WORK ORDER =
Copy only what lies from the line containing "SNR (matched filter)" through the line containing "この取組の一環として、横浜市庁舎では福島復興応援マルシェが開催されます。" in the entries below, keeping both end lines exact and dropping every picture.

SOURCE RECORDS =
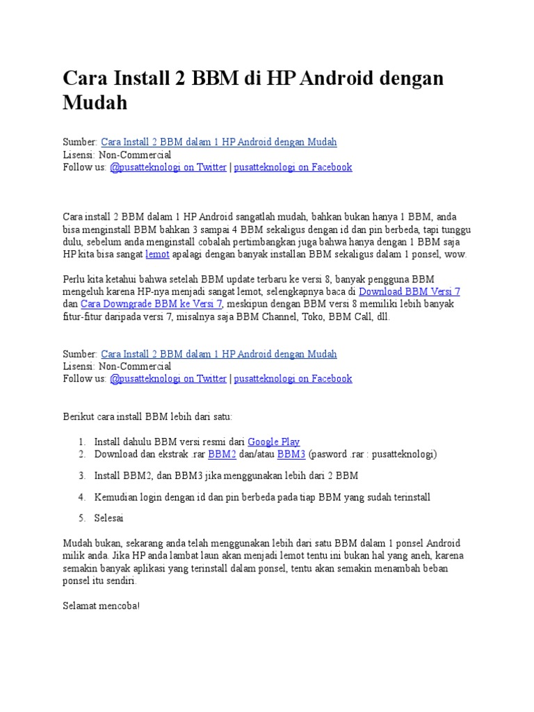 Cara Install 2 BBM Di HP Android Dengan Mudah
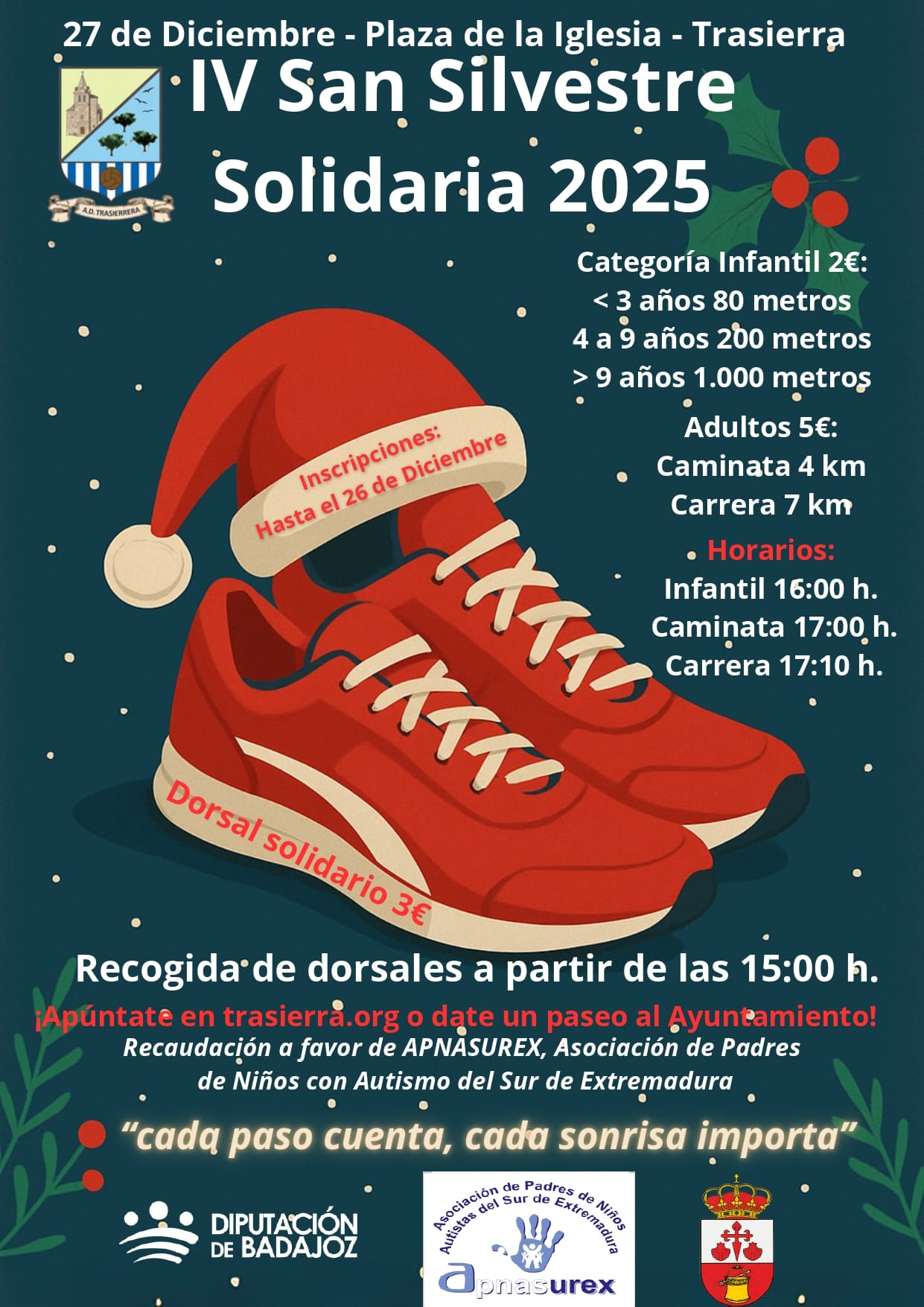 Abierto el plazo de inscripciones para la participación en la cuarta edición de la tradicional San Silvestre Solidaria que se celebrará el próximo día 27 de diciembre y cuyo punto de partida será la Plaza de la Iglesia de Trasierra.
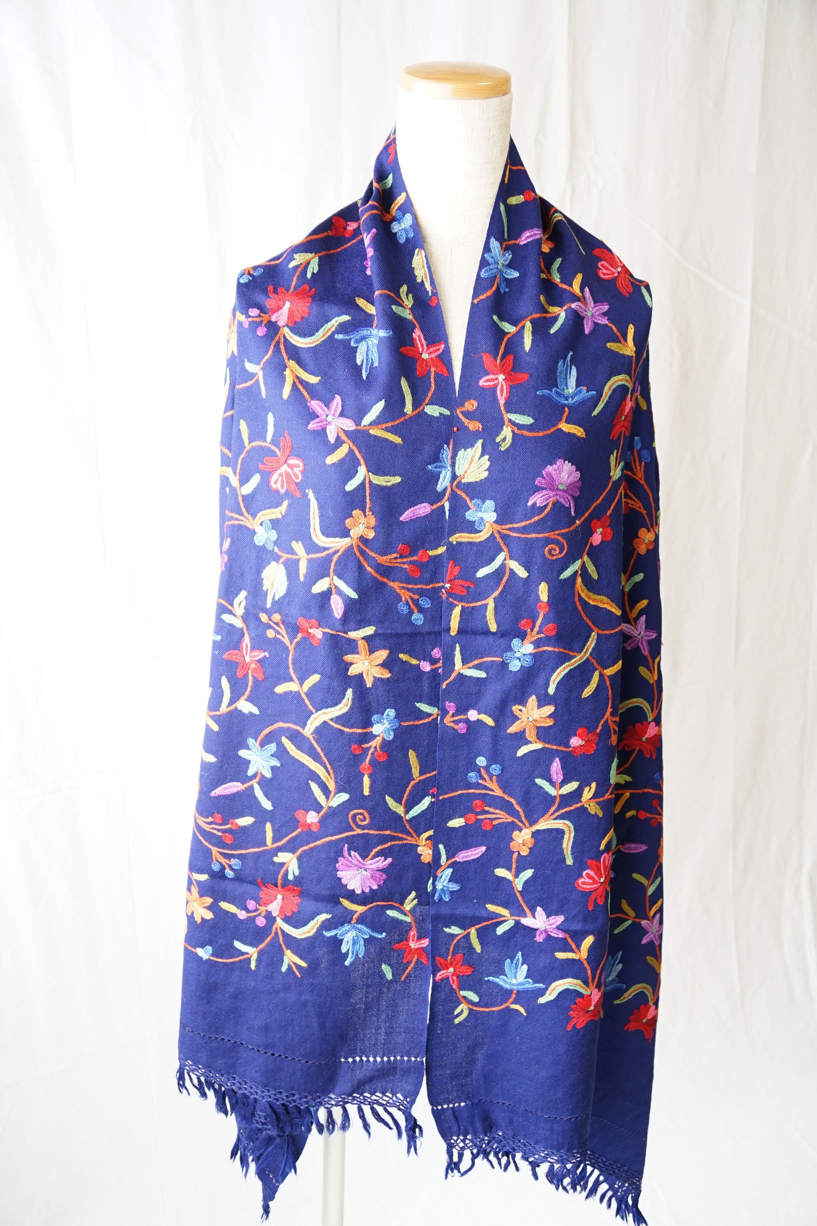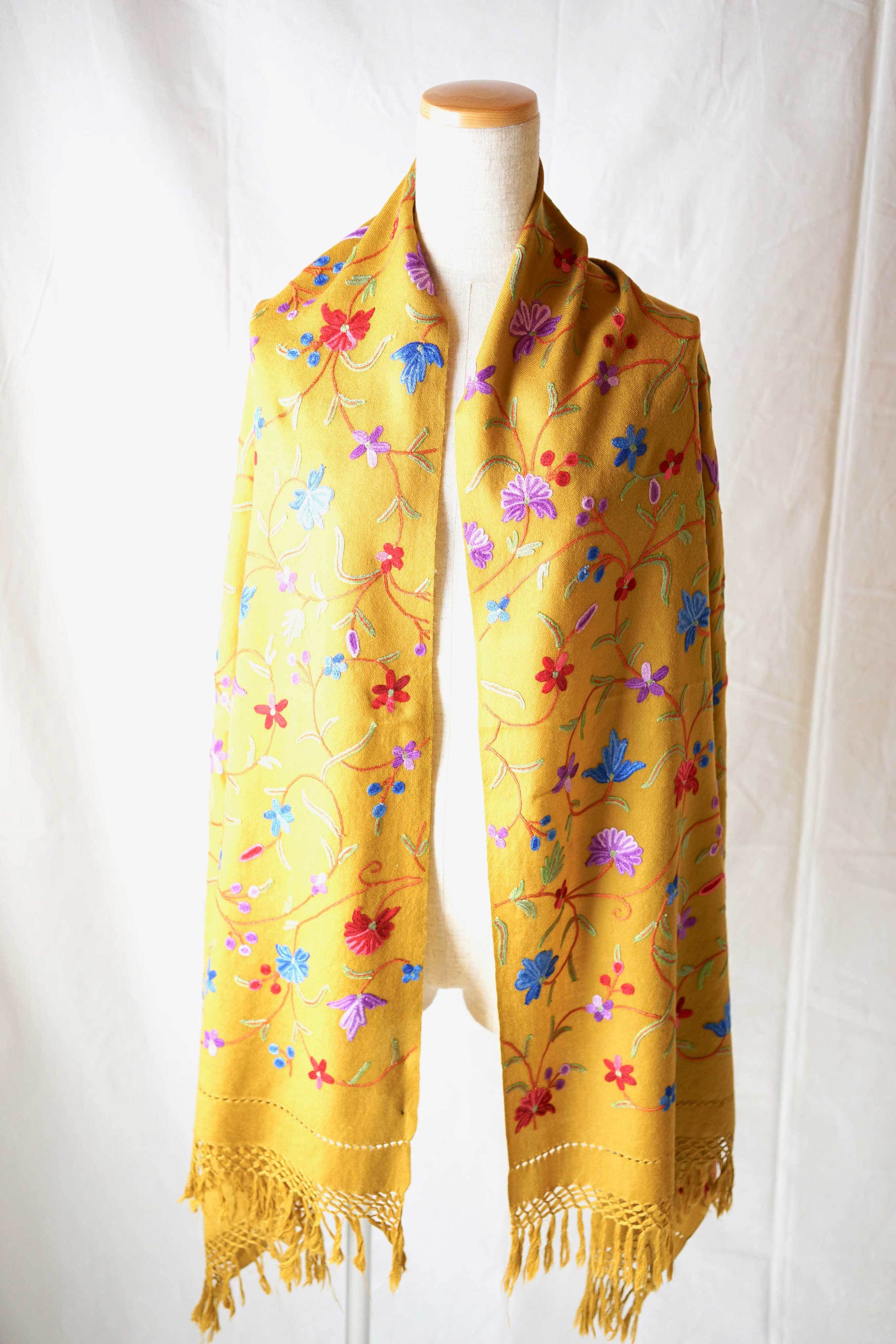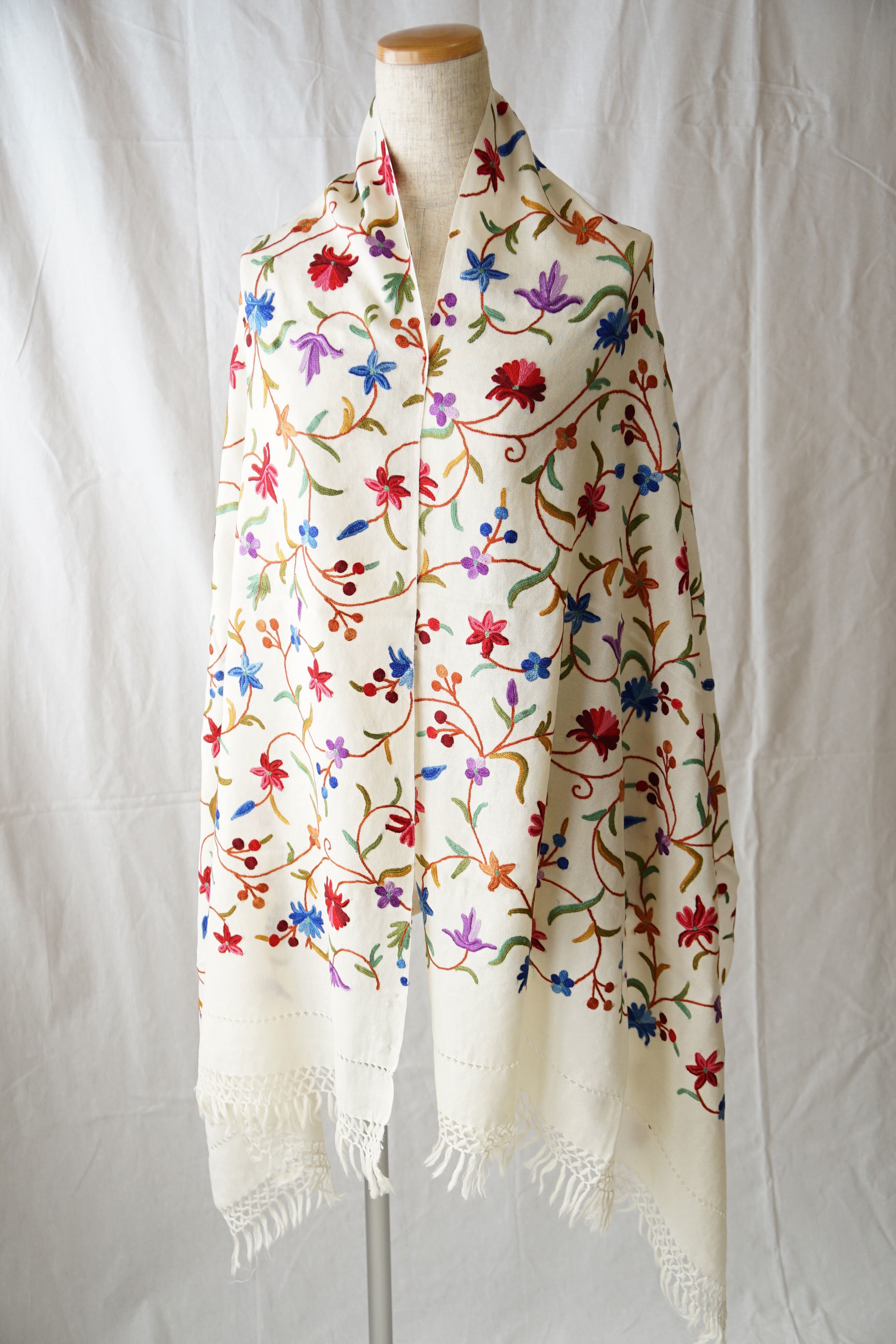 インド北西部カシミール地方に伝わる華麗な伝統刺繍工芸の一つ、アリワークと呼ばれる刺繍が施されたストールです。
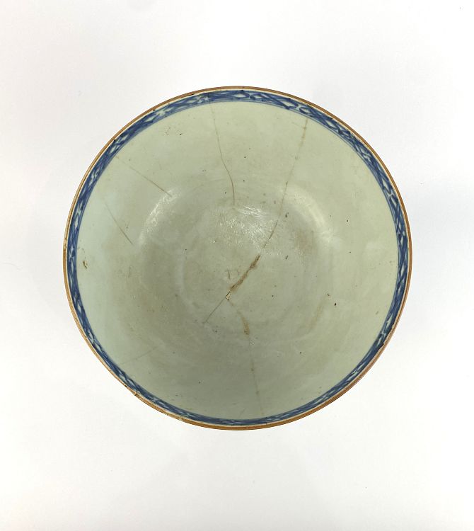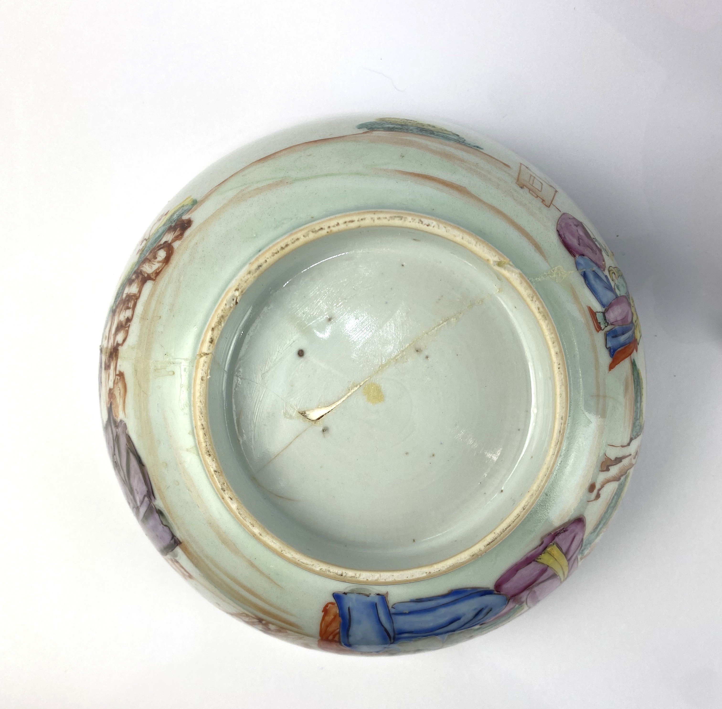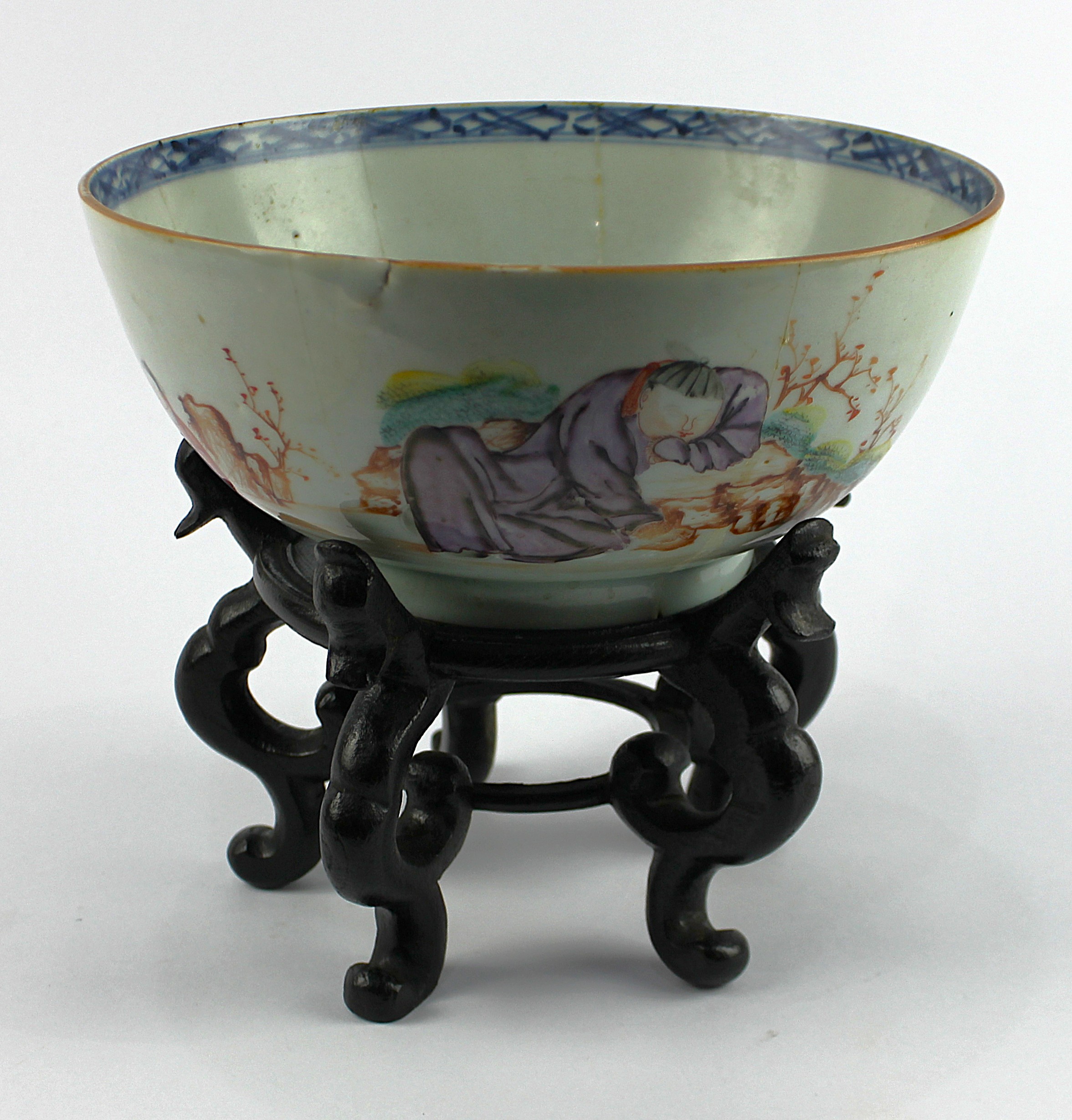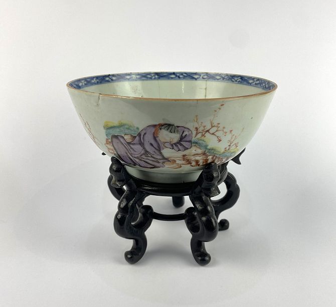 An 18th century Chinese porcelain 'Mandarin' bowl, c.1770, 20cm diameter by 9cm high, (af), with later wooden stand.
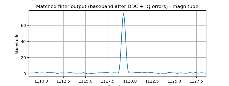 print(f"Compressed SNR (matched filter) on baseband after DDC + IQ errors: {snr_mf_bb_dB:.2f} dB")
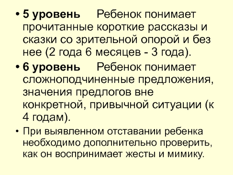 6 уровень Ребенок понимает сложноподчиненные предложения, значения предлогов вне конкретной, привычной ситуации (к 4 годам).
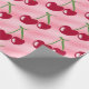 Rote Kirschen mit grünen Stielen auf einem weichen rosa Hintergrund bilden ein sich wiederholendes Stoffmuster. Die Kirschen sind gleichmäßig geformt und schattiert, was ein glänzendes Aussehen verleiht. Die grünen Stiele kontrastieren mit dem kräftigen Rot der Kirschen und sorgen für einen frisch und lebendigen Look. Das Design ist einfach, aber auffallend, oft in Textilien für eine spielerische und fröhliche Ästhetik verwendet.
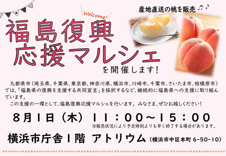 この取組の一環として、横浜市庁舎では福島復興応援マルシェが開催されます。
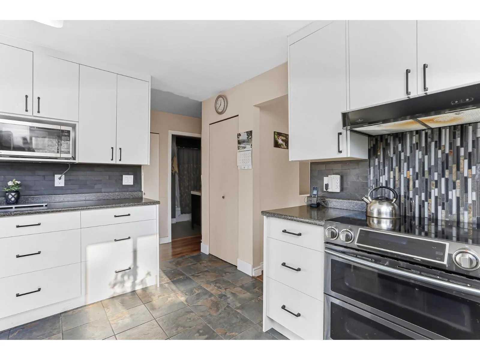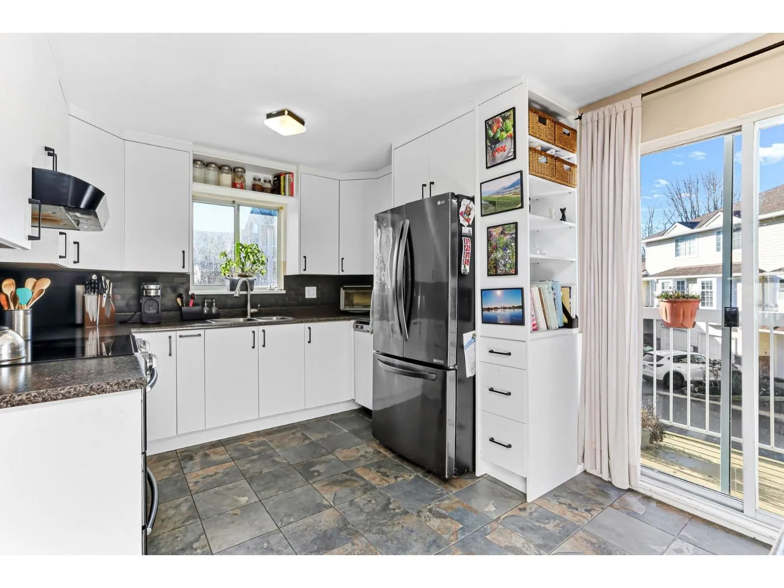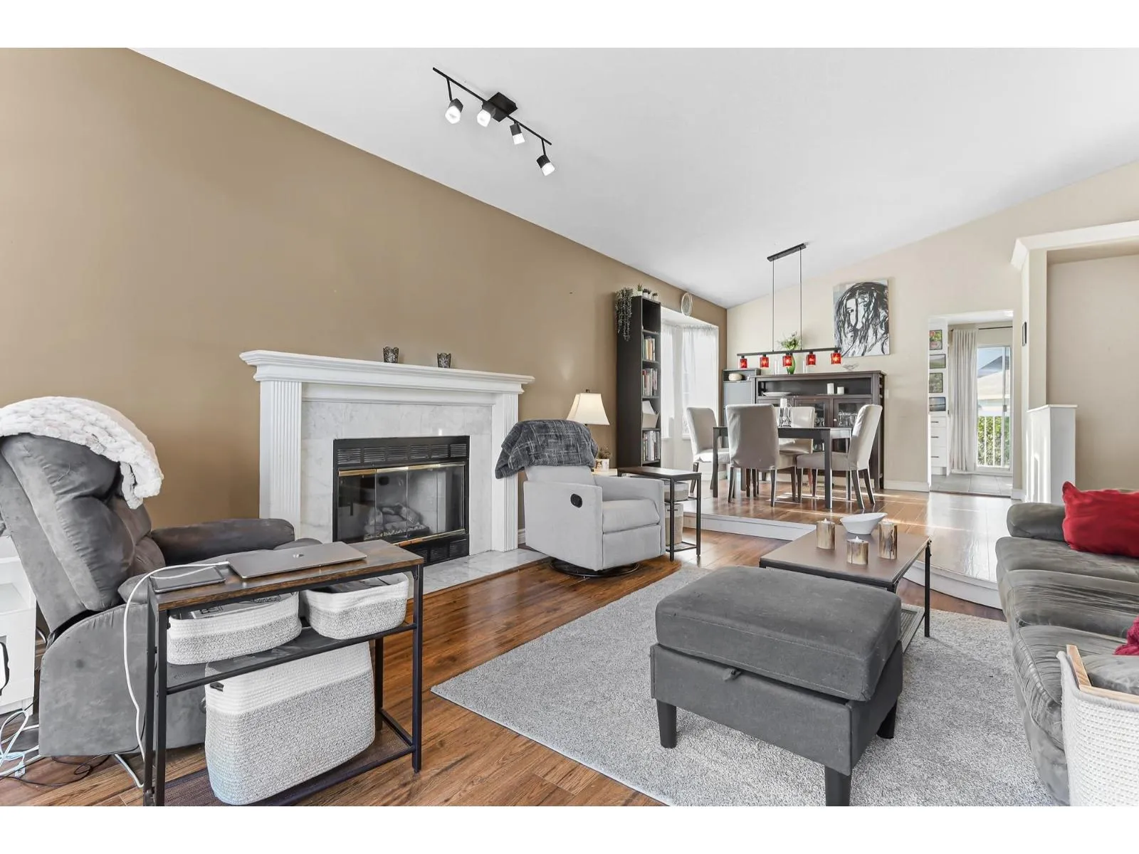 Welcome to "The Upton"-a rare, 1951sf oversized end-unit offering the privacy of a detached home. This 3-bedroom, 2-bathroom residence features a brand-new kitchen and updated flooring throughout. The main level impresses with soaring vaulted ceilings and expansive windows centered around a cozy gas fireplace. The versatile floor plan includes two bedrooms up, plus a massive lower-level family room and guest bedroom (easily convertible to a 4th bedroom). Enjoy an attached garage plus additional parking for two more cars. The fully fenced yard, lush garden, and dual decks offer a private outdoor retreat. All this with a low $495.45 strata fee and resort-style amenities (pool, gym, tennis). Minutes to Newton Town Centre and Hazelnut Meadows Park. (id:27476)
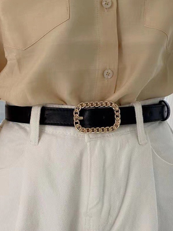 Vintage Chain Buckle Pu Leather Belt

ANSWER =
 print(f"Compressed SNR (matched filter) on baseband after DDC + IQ errors: {snr_mf_bb_dB:.2f} dB")
 6 уровень Ребенок понимает сложноподчиненные предложения, значения предлогов вне конкретной, привычной ситуации (к 4 годам).
 Rote Kirschen mit grünen Stielen auf einem weichen rosa Hintergrund bilden ein sich wiederholendes Stoffmuster. Die Kirschen sind gleichmäßig geformt und schattiert, was ein glänzendes Aussehen verleiht. Die grünen Stiele kontrastieren mit dem kräftigen Rot der Kirschen und sorgen für einen frisch und lebendigen Look. Das Design ist einfach, aber auffallend, oft in Textilien für eine spielerische und fröhliche Ästhetik verwendet.
 この取組の一環として、横浜市庁舎では福島復興応援マルシェが開催されます。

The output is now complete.